I define a custom estimator model for classification following this document. Cifar10 dataset is used for test and network framework is xception rewritten in tensorflow. But when using estimator.train_and_evaluate() to train and evaluate the model repeatedly, I find evaluation accuracy dones't improve while training accuracy is normally increasing with training. Inspired by tensorflow official resnet estimator example:

  with tf.variable_scope('conv_layer1'):
    net = tf.layers.conv2d(
        x,
        filters=64,
        kernel_size=7,
        activation=tf.nn.relu)
    net = tf.layers.batch_normalization(net)   # no training status, default is False

I turn off training=is_training in tf.layers.batch_normalization(), both training and evaluation do work normally.

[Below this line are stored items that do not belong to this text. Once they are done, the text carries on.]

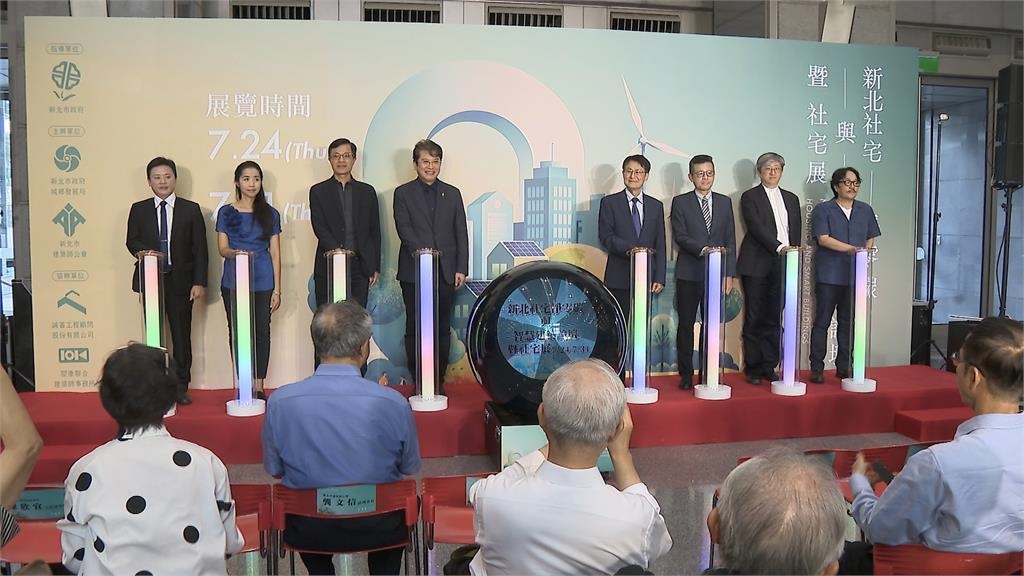 手按燈柱,為展覽揭開序幕,新北市舉辦"社宅淨零碳與智慧建築論壇暨社宅展",展示近期推動社宅的成果。新北市目前已興辦3.6萬戶社宅,長期要擴充到4.5萬戶,不只要落實居住正義,更以永續發展為目標。
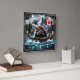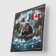 A Canadian beaver sits on a branch in a vibrant lake, surrounded by mountains and trees, with the Canadian flag waving in the background.
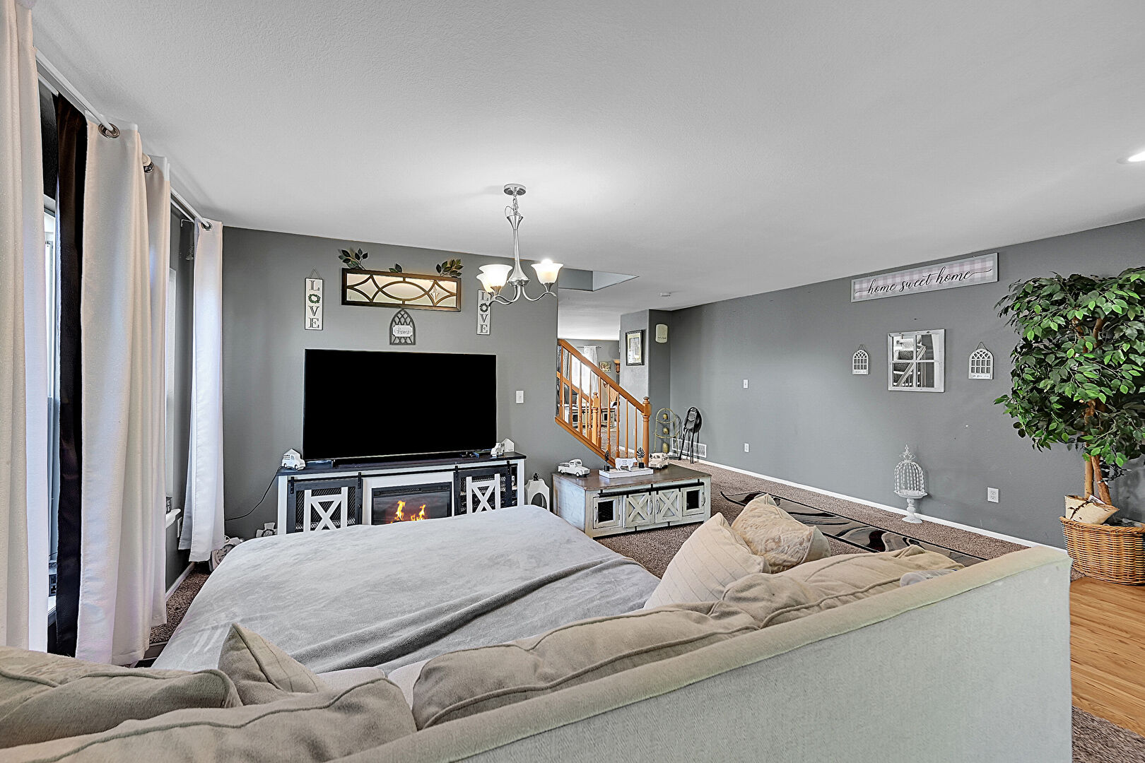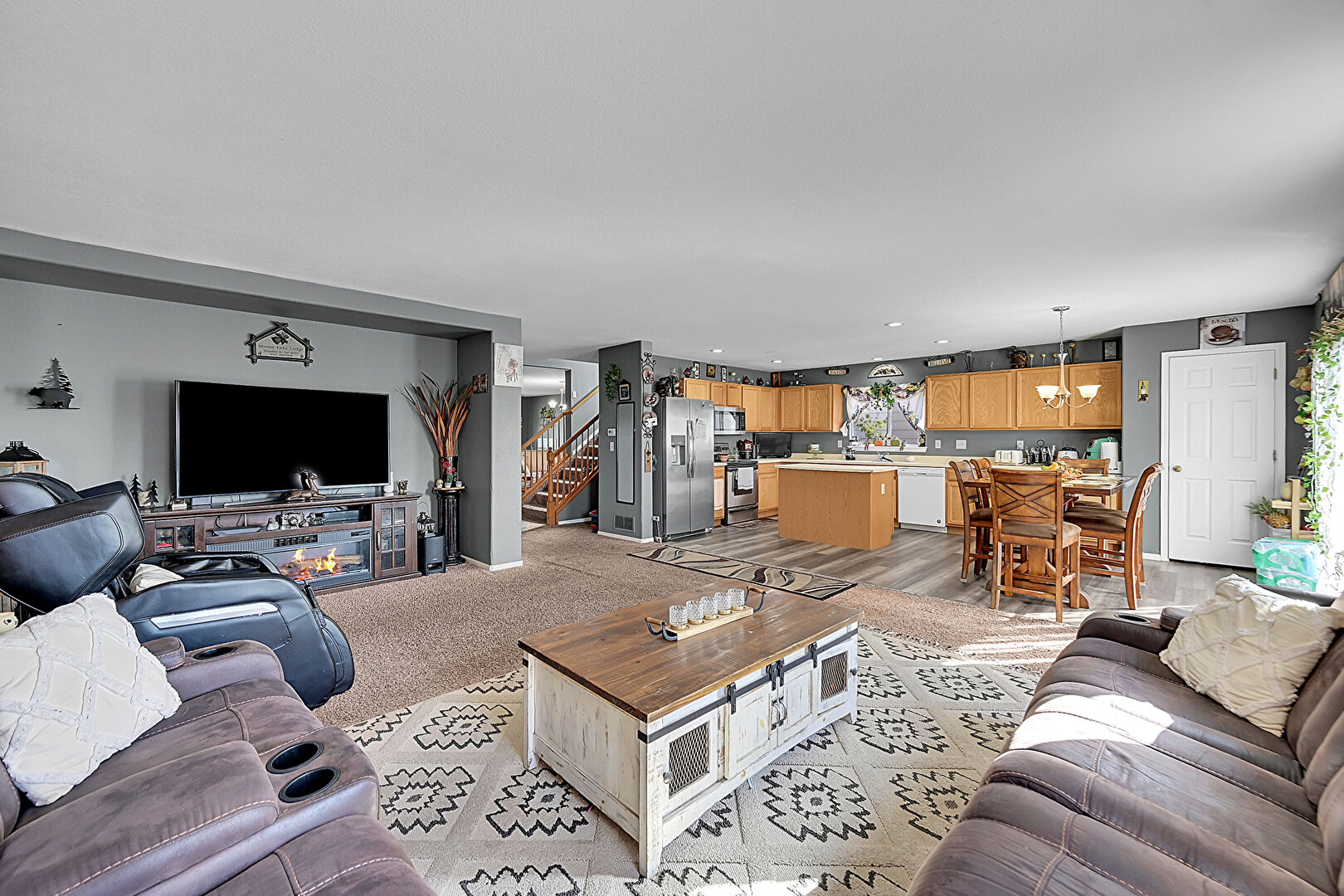 Baseboards Wall, Carpet, Drywall, L Shaped Kitchen, Natural Light, Notable Chandelier, Stairs, Fireplace, Recessed Lighting

For estimator model_fn is used multiple times (see issue 13895), so is this issue related to graph reuse in BN layer and if training status option could be set to enable BN layer to act differently during training and evaluation/predict?

BTW, same issue occurs when using keras or slim instead of tf.layers to construct network architecture.

Source code / logs

Network architecture:

def tf_xception(features, input_shape, pooling=None, classes=2, is_training=True):
    # is_training = False  # manually set False to disable training option
    x = tf.layers.conv2d(features, 32, (3, 3), strides=(2, 2), use_bias=False, name='block1_conv1')
    x = tf.layers.batch_normalization(x, training=is_training, name='block1_conv1_bn')
    x = tf.nn.relu(x, name='block1_conv1_act')
    x = tf.layers.conv2d(x, 64, (3, 3), use_bias=False, name='block1_conv2')
    x = tf.layers.batch_normalization(x, training=is_training, name='block1_conv2_bn')
    x = tf.nn.relu(x, name='block1_conv2_act')

    residual = tf.layers.conv2d(x, 128, (1, 1), strides=(2, 2),
                      padding='same', use_bias=False)
    residual = tf.layers.batch_normalization(residual, training=is_training)

    x = tf.layers.separable_conv2d(x, 128, (3, 3), padding='same', use_bias=False, name='block2_sepconv1')
    x = tf.layers.batch_normalization(x, training=is_training, name='block2_sepconv1_bn')
    x = tf.nn.relu(x, name='block2_sepconv2_act')
    x = tf.layers.separable_conv2d(x, 128, (3, 3), padding='same', use_bias=False, name='block2_sepconv2')
    x = tf.layers.batch_normalization(x, training=is_training, name='block2_sepconv2_bn')

    x = tf.layers.max_pooling2d(x, (3, 3), strides=(2, 2), padding='same', name='block2_pool')
    x = tf.add(x, residual, name='block2_add')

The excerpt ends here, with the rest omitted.